Читать «Мшава» онлайн

Якубовский Аскольд Павлович

МШАВА (Не убий...)

Аскольд Якубовский

1

Бывает такое — придет тяжелый день, чаще в июльские липкие жары. Наползут грозовые тучи. Душно, смутно, люди взвинчены. Все валится из рук, все оборачивается своей неладной стороной.

Новый рабочий, делая затес, махнул топором дуроломно и тяпнул по сапогу... Хорошо, что у лентяев не бывает острых топоров!

Я забинтовал ему ногу и посадил чинить сапог. Отругал.

Разошелся в попреках, возвысил голос, и что же? — вспугнул лося. Тот вывернулся из кустов прямо на установленный теодолит. Свалил, конечно, а прибор, хотя и прочный, но ведь — оптический. Лось ускакал, треща кустами, а я весь остаток дня выверял теодолит. Сижу, а руки дрожат от злости.

И в небе прежнее — молнии искрят, прыгают на землю, громы катаются взад и вперед. А дождя — нет, чтобы смыть тяжелое, очистить воздух. Ничего не поделаешь, раз нанесло, остается пережидать.

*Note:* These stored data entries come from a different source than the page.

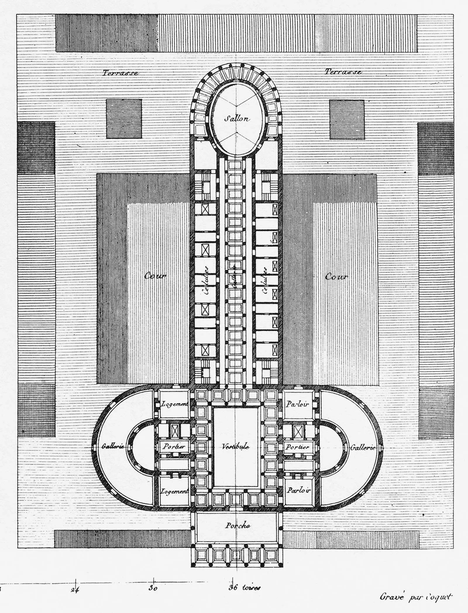 Other of Ledoux’s country homes are similar in their simplicity, symmetry, and three-part structure, base, body, head. Above, the design is closely repeated on four corners around a central court. It is a house for a father and his two sons and daughter, each unhappy in his or her own way, the family in discord.
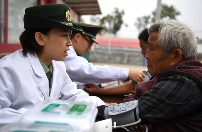 武警湖北总队黄冈支队官兵,来到黄冈市路口镇花园村,看望慰问村里老人,为他们送去生活用品,测量血压、送医送药,真正把党的温暖和关怀送到了困难群众心坎上。(何智利、曹雷)
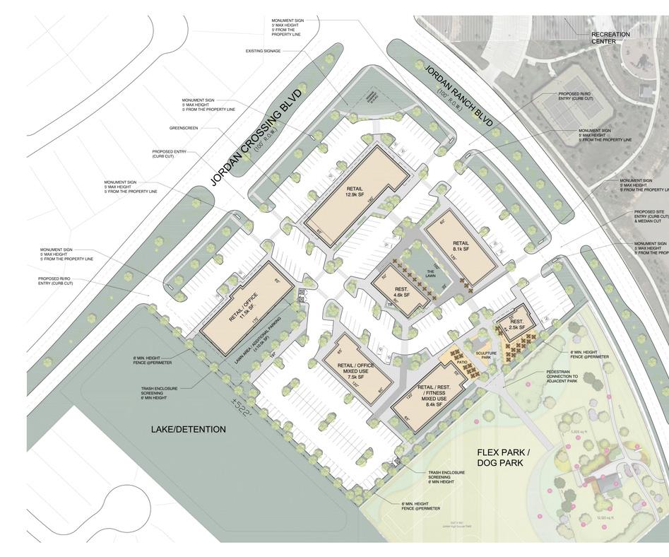 The Bend at Jordan Ranch is a 55,000 SF multibuilding mixed-use development located in the community of Fulshear. Key features include A Placemaking development, Modern farmhousestyle architecture, patio areas and central lawn, Open spaces integrated with Community Center and public park that is designed to support future retail and restaurant tenants.
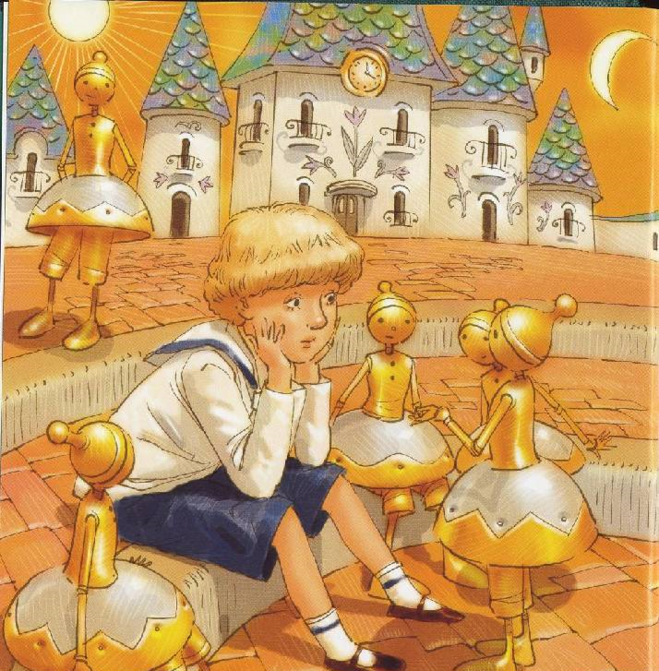 – Динь-динь-динь! Звонили колокола. – Я уже развлекался с нами! Нет, Миша, наша жизнь плоха. Правда, уроков у нас нет, но что толку? Мы бы не боялись уроков.Вся наша беда именно в том, что мы, бедняки, ни при чем; У нас нет ни книг, ни картин; нет ни папы, ни мамы; нечего делать; играть и играть целый день, а это, Миша, очень и очень скучно. Вы бы поверили? Наше черепаховое небо хорошо, золотое солнце и золотые деревья хороши; а мы, бедные, насмотрелись на них и очень устали от всего этого; от города нам ни шагу, и можно себе представить, каково это целый век, ничего не делать, сидеть в табакерке, да еще и в табакерке с музыкой.

И если разобраться подробнее, то и в жизни иногда бывает свой день несчастья, такой вот тяжелый день. Вот только что все в ней было хорошо, даже превосходно, — и уже нет ничего. Крутится прах, лежат обломки... И кажется — рухнул весь свет.

Такой грозовой день был в моей жизни пять лет назад, двадцать восьмого июля.

Проклятый день!.. Оглянешься, и не верится. Неужели было? Неужели вот этими самыми руками... Если бы знать! Если бы только знать! Мог ведь сказать Копалеву:

— Нет, Иван Андреевич, я туда не ходок! Куда хочешь посылай, сколько хочешь давай заданий, все сделаю, а туда не пойду.

И Копалев послал бы другого. Ну, поворчал бы, ну, вкатил бы выговор. Подумаешь, выговор, — в сравнении с тем, что произошло!..

Но ничего нельзя знать заранее. Забыть тоже нельзя. Хочется все выбросить из головы — и не можешь. Оно срослось с тобой, оно стало частью тебя самого. Живешь настоящим и делаешь все, что положено делать, а мысли (часть их) все еще там, в прошлом.

Работали мы в тот год на севере Сибири, в болотистой низменности между Обью и рекой Пур. Такие там места: иной раз километров десять — двадцать пройдешь и по сухому, зато неделями скачешь с кочки на кочку.

Да... Пять лет назад…

Двадцать восьмого июля...

Странная это штука — прошлое. Кажется, ушло, ну и ладно. Как старики говорят — «с богом». Но прошлое — это ты сам, только бывший.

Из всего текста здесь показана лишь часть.